### Material to process

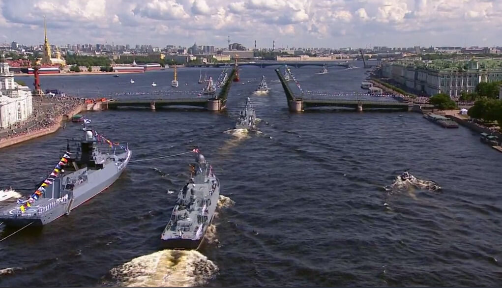 После приветственной речи президента начался проход военных кораблей, прибывших к участию в параде. Глава государства и другие высокие гости наблюдают за проходом с трибун на Адмиралтейской набережной. Среди участников смотра – линейный корабль «Полтава», малые ракетные корабли «Серпухов» и «Одинцово», корвет «Бойкий», патрульный корабль ледового класса «Иван Папанин», подводная лодка «Можайск», эскадренный миноносец «Цзяо Цзо» Военно-морских сил Китайской Народной Республики, учебный корабль «Ла Суммам» Военно-морских сил Алжирской Народной Демократической Республики, фрегат «Табар» Военно-морских сил Республики Индии. Всего к участию в параде в 2024 году привлечены 20 надводных кораблей и катеров, одна подводная лодка, четыре парусных судна, более 2,5 тысячи военнослужащих. Ранее сообщалось, что Владимир Путин выступил на главном военно-морском параде.
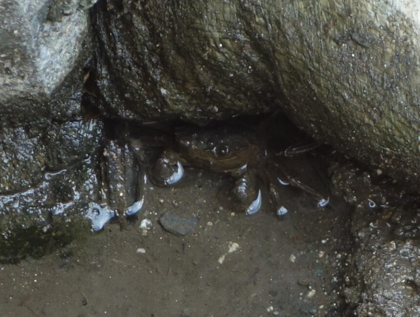 近所の住宅地の側溝に1匹のモクズガニがいました。側壁の下の穴の中にいて、体を半分出していました。9月下旬の用水路の水位が下げられた時からいると思います。私が近づくと警戒してすぐに穴の中に隠れてしまっていましたが、今では隠れなくなりました。馴れたのでしょうか。警戒心が緩んだようです。大きさ的にはあまり大きくありません。この側溝は生活排水しか流れてこないドブなので、環境としてはかなり悪いです。このモクズガニがいつまで生きられるか心配です。
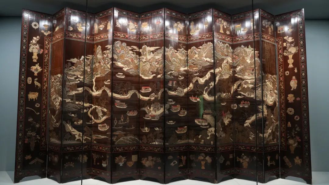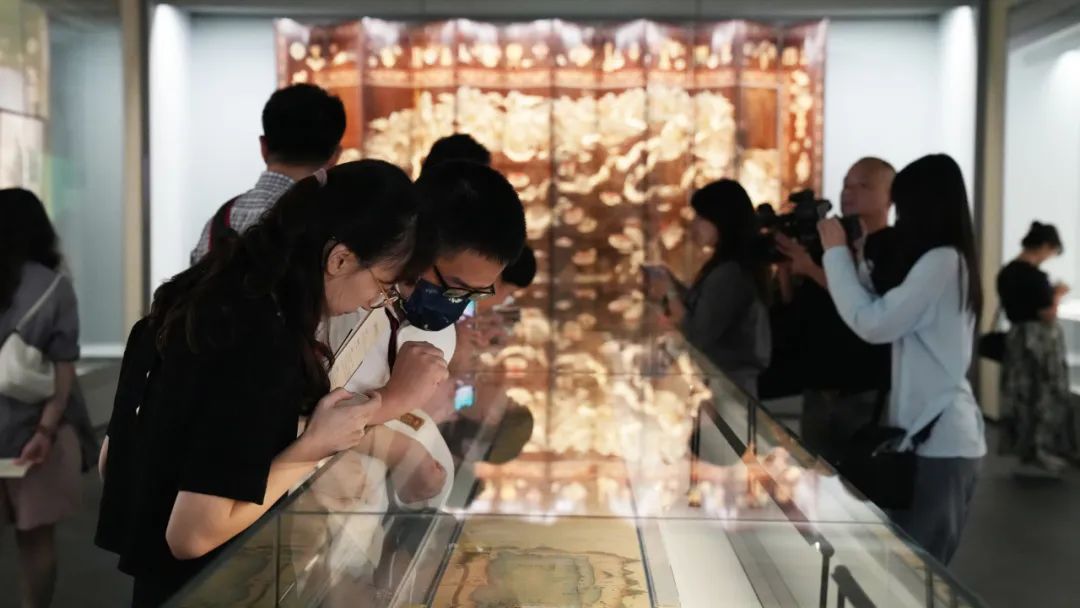 此次共展出文物400余件,其中有很多重磅文物。比如在第三单元展厅中央展出的《清乾隆西湖行宫图》,就是第一次以全貌的形式展现给公众。为了能够让观众欣赏到这幅画作的全貌,此次博物馆特别定制了10米长的展柜,配以最新工艺的低反玻璃,让观众能够从各个角度欣赏这幅内容丰富的画作,感受千年湖山传世之作。
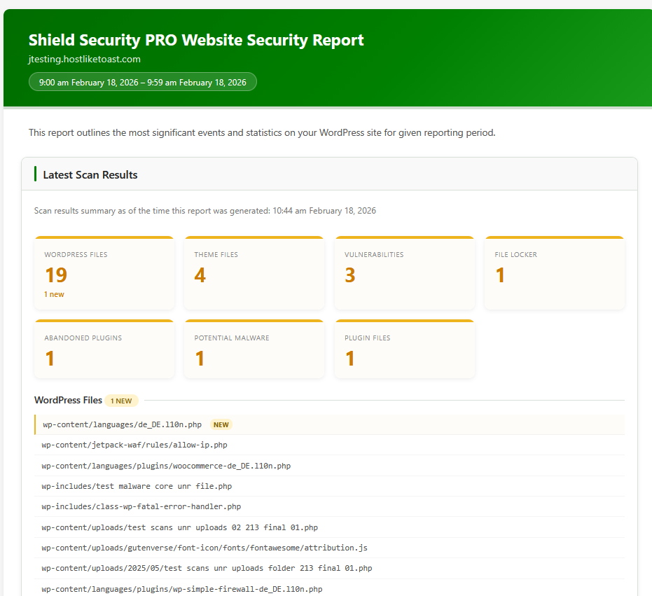 You'll get email alert report about the detected files, and email subject will be [Your Site Name] Security Report.
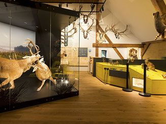 Zu den besonderen Exponaten zählen unter anderem europaweit einmalige Tierpräparate – darunter zwei Hirsche im Brunftkampf –, restaurierte Dachse und Waschbären sowie ein präparierter Seeadler. Das Museum bietet interaktive Erlebnisse für alle Altersgruppen: Audiostationen mit Waldgeräuschen, Tierlauten, Maschinenklängen und einem Jägerschuss sowie Medienstationen mit Interviews von Menschen, die eng mit der Waldarbeit verbunden sind, machen den Besuch zu einem Erlebnis für die ganze Familie.
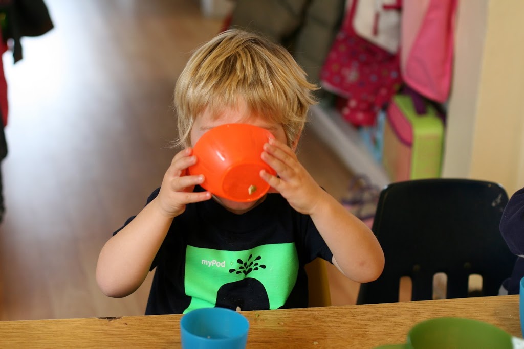 One day last week, I went to my son’s pre-school to help with their snack. I had decided to make the soup for them as a final test. There was a table of about 10 children, helping to identify the veggies before they went in the pot; they were able to see the cooking process; and most important of all, when it was time to eat, I watched 25 of the 31 children devouring the soup and telling me they liked it, even the ones who aren’t normally as adventurous. It wasn’t just the soup that was warming my heart that day.
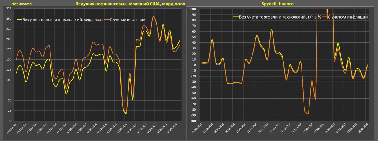 • Без учета технологий и торговли: без изменений и обвал на 22.3% / -12.4% и обвал на 18%, а с учетом инфляции сильнейшее снижение на 26.8% за 2кв24 и -23.3% за 1П24!
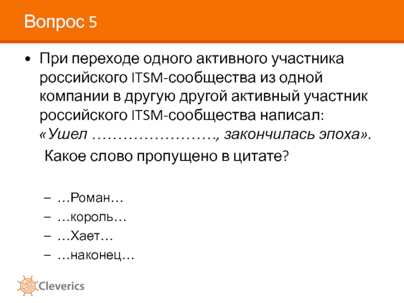 Таким образом, в большинстве случаев во главе ITSM-сообщества стоит…

### Exercise aim
Each line from the one holding "Zu den besonderen" through the last line of the records above must be duplicated exactly, and pictures must not be.

### Written solution
 Zu den besonderen Exponaten zählen unter anderem europaweit einmalige Tierpräparate – darunter zwei Hirsche im Brunftkampf –, restaurierte Dachse und Waschbären sowie ein präparierter Seeadler. Das Museum bietet interaktive Erlebnisse für alle Altersgruppen: Audiostationen mit Waldgeräuschen, Tierlauten, Maschinenklängen und einem Jägerschuss sowie Medienstationen mit Interviews von Menschen, die eng mit der Waldarbeit verbunden sind, machen den Besuch zu einem Erlebnis für die ganze Familie.
 One day last week, I went to my son’s pre-school to help with their snack. I had decided to make the soup for them as a final test. There was a table of about 10 children, helping to identify the veggies before they went in the pot; they were able to see the cooking process; and most important of all, when it was time to eat, I watched 25 of the 31 children devouring the soup and telling me they liked it, even the ones who aren’t normally as adventurous. It wasn’t just the soup that was warming my heart that day.
 • Без учета технологий и торговли: без изменений и обвал на 22.3% / -12.4% и обвал на 18%, а с учетом инфляции сильнейшее снижение на 26.8% за 2кв24 и -23.3% за 1П24!
 Таким образом, в большинстве случаев во главе ITSM-сообщества стоит…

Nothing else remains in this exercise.